2. Admission of the Petition and Appointment of Provisional Liquidator:
The petition was admitted on 16th February 1976, and the official liquidator was appointed as the provisional liquidator on 8th March 1976. The liquidator took charge of the company's assets, and the court directed the invitation of offers for running the plant during the pendency of the petition.

3. Competing Schemes for Revival of the Company:
Three competing schemes were proposed for the company's revival: one by M/s. Tungabhadra Industries Ltd. (TIL), one by Shri Balvantrai Oil Processing Co-operative Society Ltd. and Shri Jashbhai Nagjibhai Patel, and one by the National Dairy Development Board (NDDB). Meetings of creditors and shareholders were convened to consider these schemes. Ultimately, only NDDB filed a substantive petition under Section 391(2) for its scheme, which was filed beyond the statutory period but condoned by the court.

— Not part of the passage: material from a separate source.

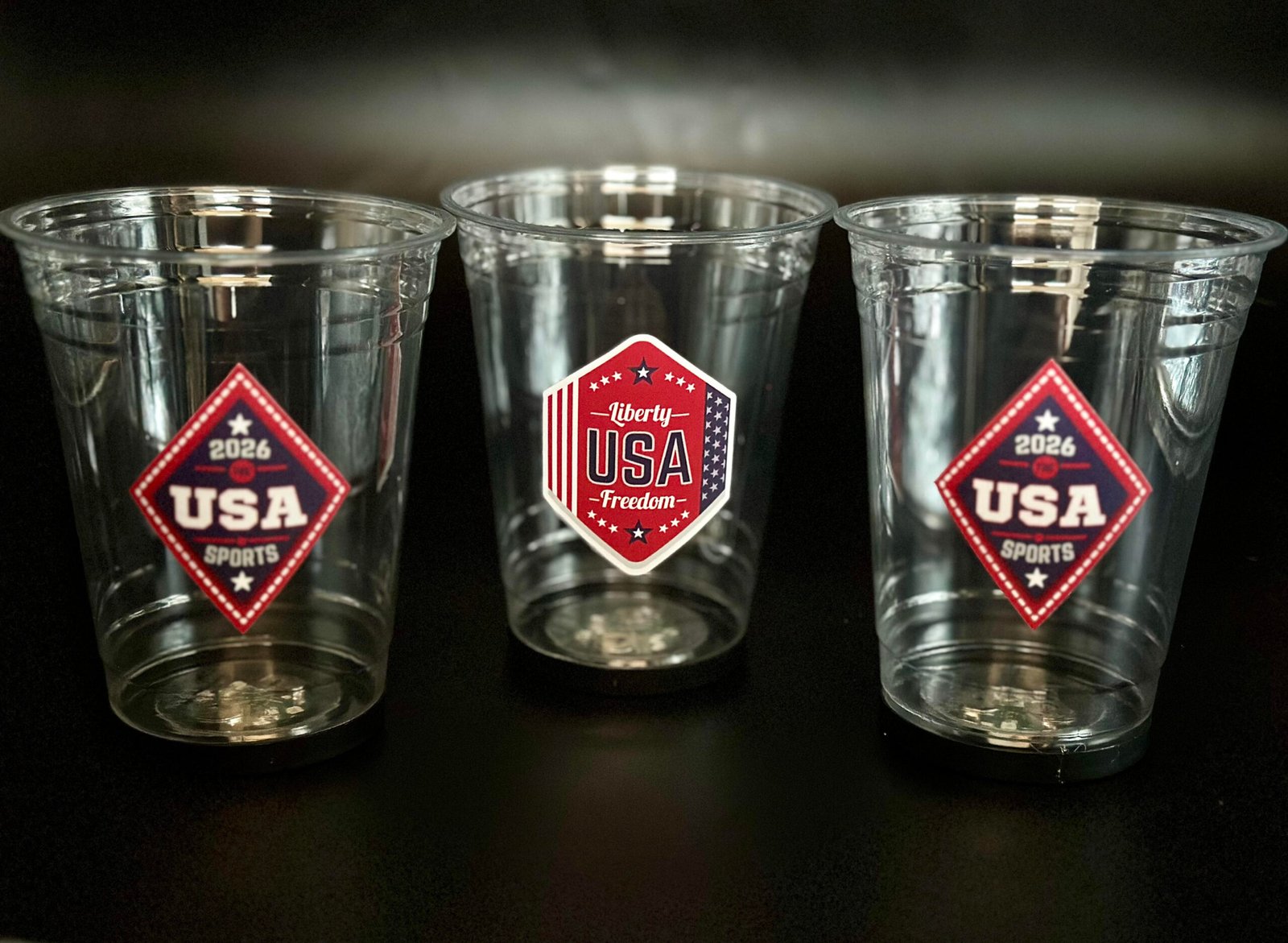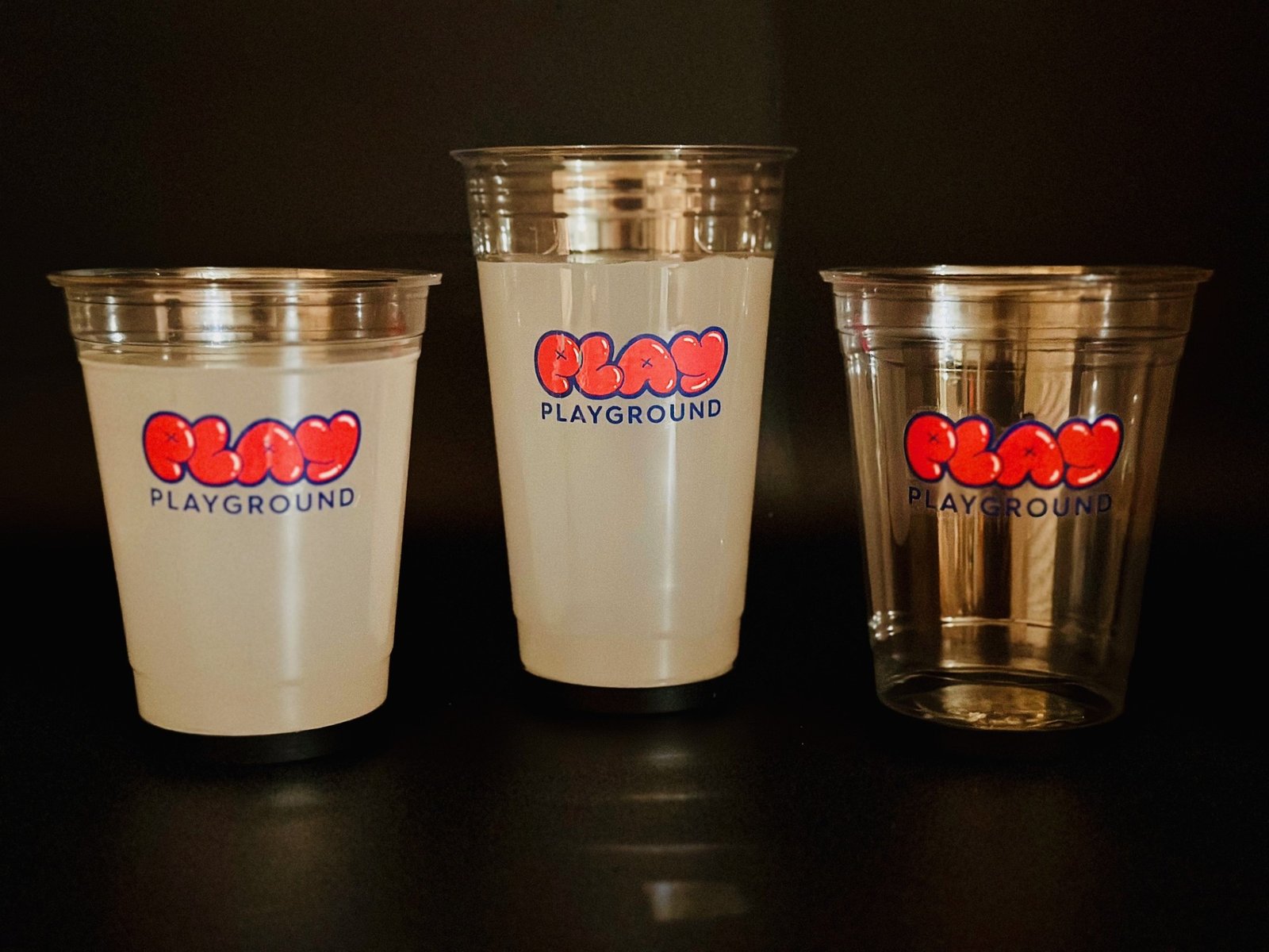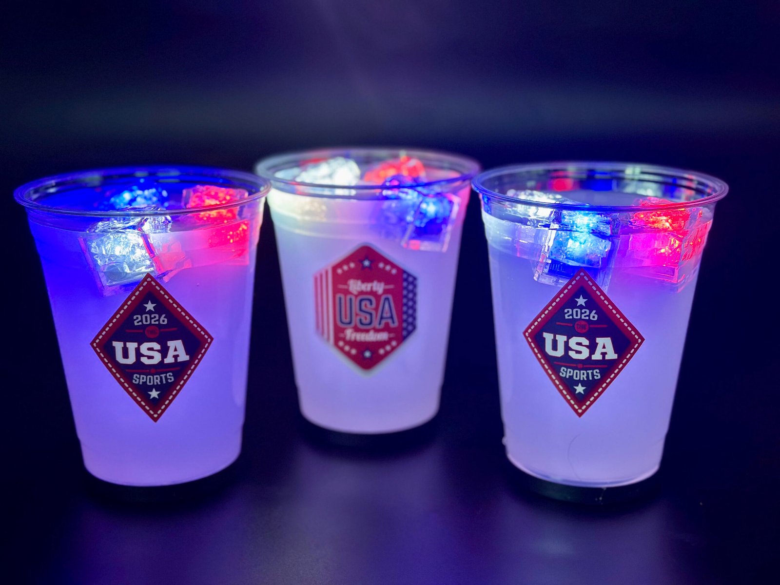 Instead of traditional advertising, brands can literally put a light on their logo. One side of the cup features team logo/colors/brand and the reverse side features “Sponsored by” with their logo.

4. Substitution of NDDB for TIL as the Sponsor of the Scheme:
During the hearing, it was revealed that TIL was no longer in a position to implement its scheme due to the withdrawal of support from the nationalized banks. Consequently, NDDB sought substitution as the sponsor of the scheme, which was supported by the petitioning creditor, M/s. Veljee Shamji & Co. The court had to decide whether to permit this substitution in the interest of all concerned, including the labor.

5. Statutory Requirements under Sections 391 and 392 of the Companies Act:
Section 391 provides for a compromise or arrangement between a company and its creditors or members, requiring the approval of a majority in number representing three-fourths in value and the court's sanction. Section 392 grants the court the power to supervise and make necessary modifications for the proper working of the scheme. The court emphasized that the scheme must be fair and reasonable, and the court's discretion is of the widest amplitude.

6. Comparative Study of the Schemes Proposed by TIL and NDDB:
The NDDB scheme was found to be far more beneficial than the TIL scheme. NDDB offered to pay the whole principal amount to depositors within one month, while TIL offered only 20-30% without interest. For unsecured creditors, NDDB offered full payment within one month, whereas TIL offered 20% in five yearly installments. NDDB also provided better terms for employees, preference shareholders, and equity shareholders compared to TIL.

7. Financial Viability and Management Efficiency of NDDB:
NDDB, a non-profit institution, had incurred substantial losses while running the plant on an interim basis but had paid over ninety lakhs by way of lease money. The court noted that NDDB's financial capacity and soundness were not in question, and its objective was to benefit both producers and consumers by eliminating the middleman.

8. Legal Validity of Substitution under Section 392:
The court held that substitution of the sponsor is permissible under Section 392(1)(b) of the Act, as it allows the court to make modifications necessary for the proper working of the scheme. The Supreme Court's decision in S. K. Gupta v. K. P. Jain was cited, which clarified that substitution does not change the basic fabric of the scheme. The court concluded that the substitution of NDDB for TIL was warranted to ensure the successful implementation of the scheme.

Final Order:
The court sanctioned the upgraded TIL scheme with NDDB substituted as the sponsor, subject to further upgrading the scheme to match the NDDB scheme's benefits. The winding-up order was revoked, and the official liquidator was directed to hand over the company's assets to NDDB. The court retained supervision over the scheme's implementation and provided for modifications and directions as necessary. The appeal by TIL was dismissed, and the court refused the certificate of fitness to appeal to the Supreme Court.